*Instructions to follow*. Without the pictures, give the listing below again exactly.

*Data block*.
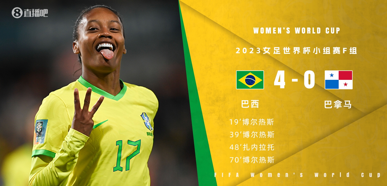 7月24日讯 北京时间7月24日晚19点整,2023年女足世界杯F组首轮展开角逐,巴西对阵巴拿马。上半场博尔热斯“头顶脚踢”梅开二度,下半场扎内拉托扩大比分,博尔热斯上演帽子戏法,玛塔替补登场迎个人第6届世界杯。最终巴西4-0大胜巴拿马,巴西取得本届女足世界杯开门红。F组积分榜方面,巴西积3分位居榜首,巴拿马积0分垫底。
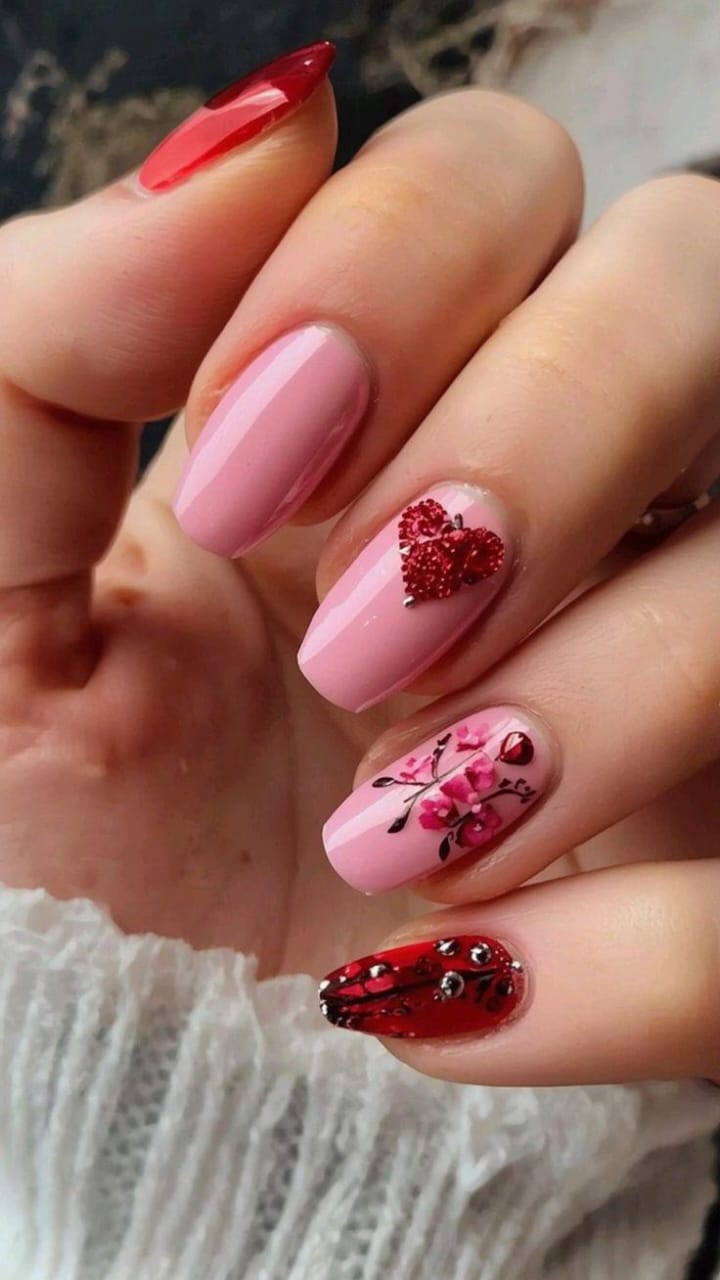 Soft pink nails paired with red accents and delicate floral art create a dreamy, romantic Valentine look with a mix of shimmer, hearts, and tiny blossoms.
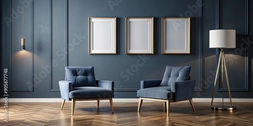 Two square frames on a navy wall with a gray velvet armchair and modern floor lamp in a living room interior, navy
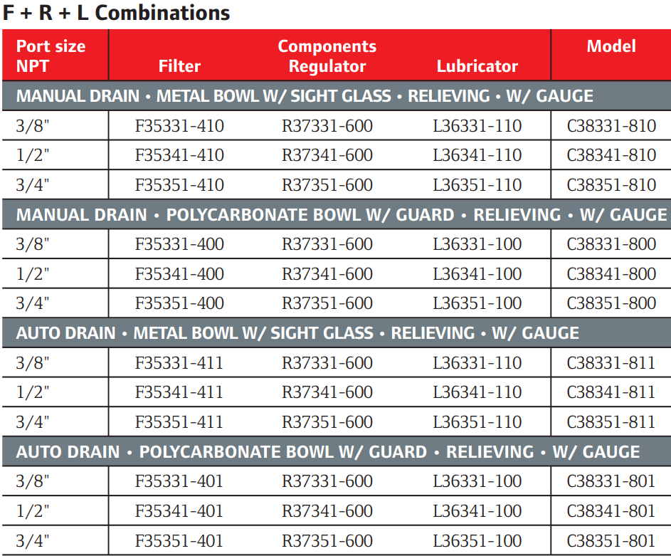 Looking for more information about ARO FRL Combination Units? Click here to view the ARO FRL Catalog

*Answer area*.
 7月24日讯 北京时间7月24日晚19点整,2023年女足世界杯F组首轮展开角逐,巴西对阵巴拿马。上半场博尔热斯“头顶脚踢”梅开二度,下半场扎内拉托扩大比分,博尔热斯上演帽子戏法,玛塔替补登场迎个人第6届世界杯。最终巴西4-0大胜巴拿马,巴西取得本届女足世界杯开门红。F组积分榜方面,巴西积3分位居榜首,巴拿马积0分垫底。
 Soft pink nails paired with red accents and delicate floral art create a dreamy, romantic Valentine look with a mix of shimmer, hearts, and tiny blossoms.
 Two square frames on a navy wall with a gray velvet armchair and modern floor lamp in a living room interior, navy
 Looking for more information about ARO FRL Combination Units? Click here to view the ARO FRL Catalog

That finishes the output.